Item 3.01.  Notice of Delisting or Failure to Satisfy a Continued Listing Rule or Standard; Transfer of Listing.

As previously reported in a Current Report on Form 8-K filed by NTN Buzztime, Inc. (the “Company”) on August 28, 2006, Kendra Berger resigned from the Company’s Board of Directors, effective as of August 25, 2006, to assume the position of Chief Financial Officer of the Company.  Ms. Berger, who served as an independent director, also served as a member of the Board’s Audit Committee.

With the resignation of Ms. Berger, the Audit Committee has only two members.  The Company notified the American Stock Exchange (“AMEX”) that as a result of Ms. Berger’s resignation, the Company is no longer in compliance with (i) Section 121(B)(2)(a)(i) of the AMEX Company Guide which requires that issuers maintain an Audit Committee of at least three members, each of whom is independent, and (ii) Section 121(B)(2)(a)(ii) of the AMEX Company Guide which requires each issuer’s Audit Committee to have at least one member who is financially sophisticated.  A search for Ms. Berger’s replacement on the Audit Committee is in progress.

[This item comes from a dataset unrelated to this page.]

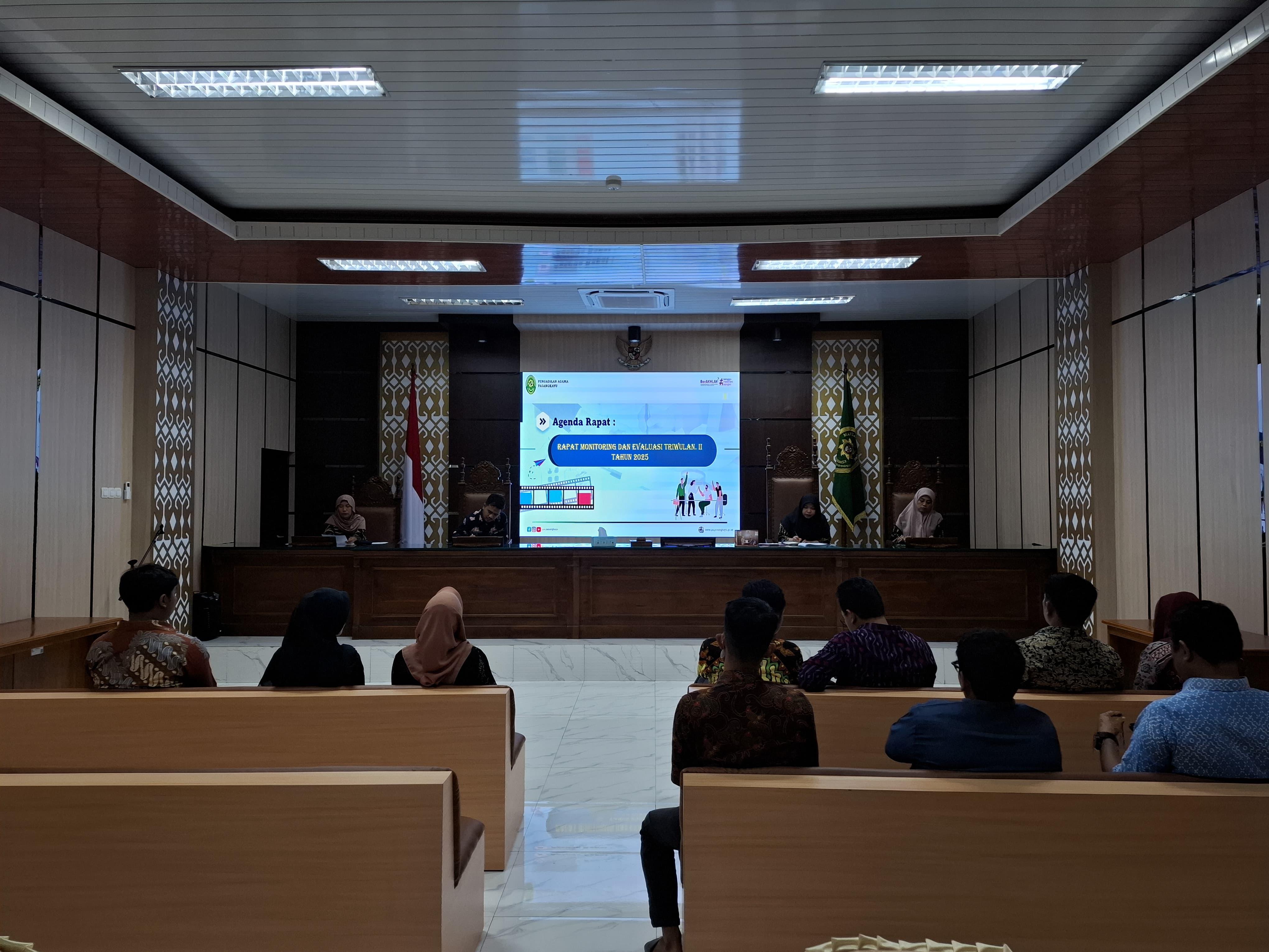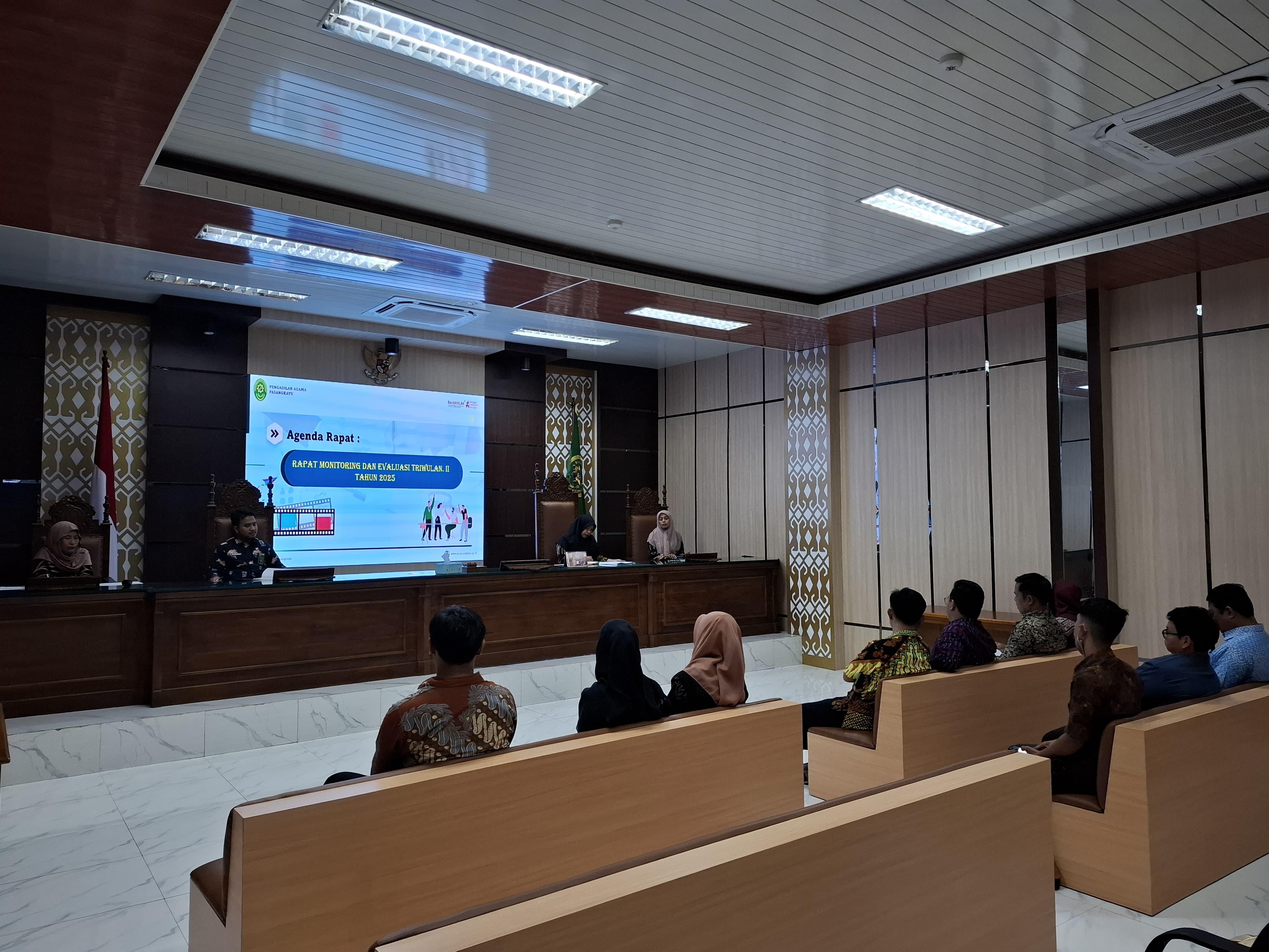 Dalam upaya memastikan efektivitas kinerja serta meningkatkan kualitas layanan kepada masyarakat, Pengadilan Agama Pasangkayu menggelar Rapat Monitoring dan Evaluasi (Monev) Triwulan II Tahun 2025 di ruang sidang utama. Kegiatan ini dipimpin langsung oleh Ketua Pengadilan Agama Pasangkayu, Mazidah, S.Ag., M.H. dan dihadiri oleh seluruh aparatur peradilan, mulai dari hakim, panitera, sekretaris, Pejabat Struktural dan Pejabat Fungsional, hingga staf Pengadilan.

On October 10, 2006, the Company received a letter from the AMEX regarding the Company’s noncompliance with Section 121(B)(2)(a)(i) and Section 121(B)(2)(a)(ii) of the AMEX Company Guide.  The AMEX has given the Company until December 28, 2006 to restore compliance with the AMEX requirements.  In setting that deadline, the AMEX has determined not to apply at this time the continued listing evaluation and follow-up procedures specified in Section 1009 of the AMEX Company Guide.  If, however, the Company fails to resolve the specified continued listing deficiency within the timeframe noted above, the AMEX will assess the Company’s continued listing eligibility including, as appropriate, the application of the continued listing evaluation follow-up procedures specified in Section 1009 of the AMEX Company Guide and/or initiation of delisting proceedings.

In the letter, AMEX also noted that within five days of the date of the letter, the Company will be included in a list of issuers, which is posted daily on the AMEX website, that are not in compliance with the AMEX’s continued listing standards.  Further, the Company will become subject to the indicator “.BC” to denote its current noncompliance.  Accordingly, “NTN” will trade as “NTN.BC.”  The website posting and indicator will remain in effect until the Company has regained compliance with the applicable continued listing standards.

The Company issued a press release pursuant to Sections 402 and 1009(j) of the AMEX Company Guide on October 16, 2006 disclosing its receipt of the warning letter and the fact that it is not in compliance with the specified provisions of the AMEX continued listing standards.

The Company is working diligently to complete its search for Ms. Berger’s replacement and anticipates that a replacement independent and financially sophisticated director will be appointed to the Board and the Audit Committee on or prior to December 28, 2006.

2




Item 9.01.  Financial Statements and Exhibits

 

(d)                           Exhibits

99.1                                             Press Release dated October 16, 2006, announcing receipt of noncompliance letter from the AMEX.

3




SIGNATURES

 

 

Pursuant to the requirements of the Securities Exchange Act of 1934, the registrant has duly caused this report to be signed on its behalf by the undersigned hereunto duly authorized.

NTN Buzztime, Inc.

 

 

 

 

Date: October 16, 2006

By:

/s/ Dario Santana

 

 

Dario Santana

 

 

Chief Executive Officer

 

4




EXHIBIT INDEX

 

Exhibit
Number

 

Description of Document

 

 

 

99.1

 

Press Release dated October 16, 2006, announcing receipt of noncompliance letter from the AMEX.